Arnaud Guyader has been invited to give a talk on simulation and estimation of rare events and extreme quantiles, at the ESSEC working group on Risk, in October 2013 and at the université Pierre et Marie Curie working group on Extreme Value Theory, in December 2013. He has also given a talk on estimation of mutual nearest neighbors, at the 45èmes Journées de Statistique, held in Toulouse in May 2013.

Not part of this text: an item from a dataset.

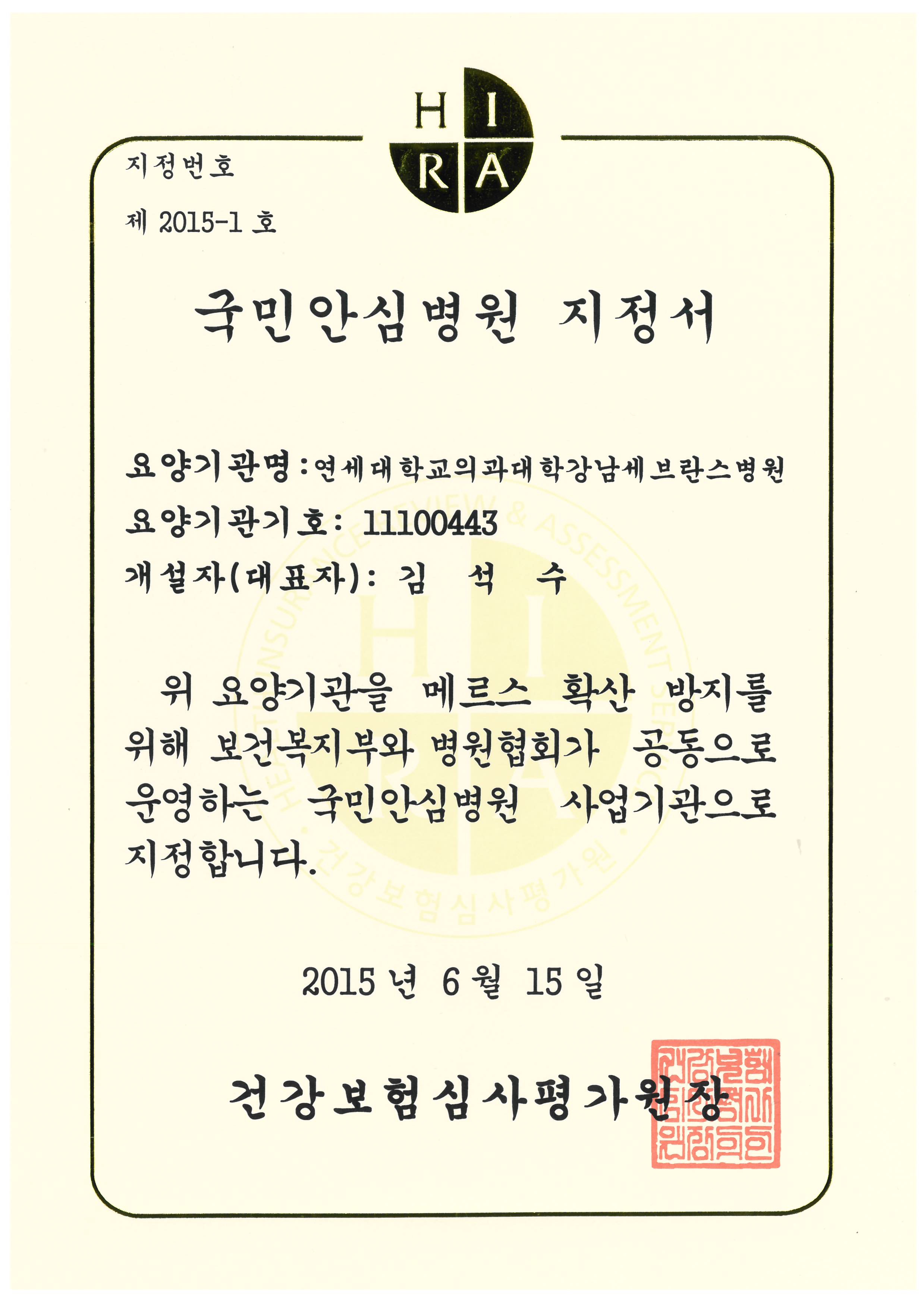 ¿¬¼¼´ëÇб³ °³²¼¼ºê¶õ½ºº´¿øÀÌ ¸Þ¸£½º(MERS‧Áßµ¿È£Èí±âÁõÈıº) °ÆÁ¤ÀÌ ¾ø´Â ¡®±¹¹Î¾È½Éº´¿ø¡¯ ù ÁöÁ¤¼¸¦ ¹Þ¾Ò´Ù.

François Le Gland has been invited to give a talk on the ensemble Kalman filter, at the department of applied mathematics of the University of Twente, in October 2013.
Valérie Monbet has given a talk on dynamical partitioning of directional ocean wave spectra, at the workshop on Space–Time Data Analysis in Oceanography and Meteorology I, held in Berder in May 2013 and a talk on stochastic weather generators with non–homogeneous hidden Markov switching, at the workshop on Space–Time Data Analysis in Oceanography and Meteorology II, held in Landéda in November 2013. She has given a talk on stochastic weather generators, at the MODNAT workshop on Modelling of Natural Events, held at ONERA Palaiseau in October 2013, and at the 5ème École Interdisciplinaire de Rennes sur les Systèmes Complexes — Stochasticité dans les Systèmes Complexes : Désordre, Hasard, Incertitudes, held in October 2013, and a talk on stochastic weather generators and switching auto–regressive models, and application to temperature series, at the PEPER workshop on Extreme Value Theory and Risk Assessment in Climate Sciences, held in Aussois in December 2013.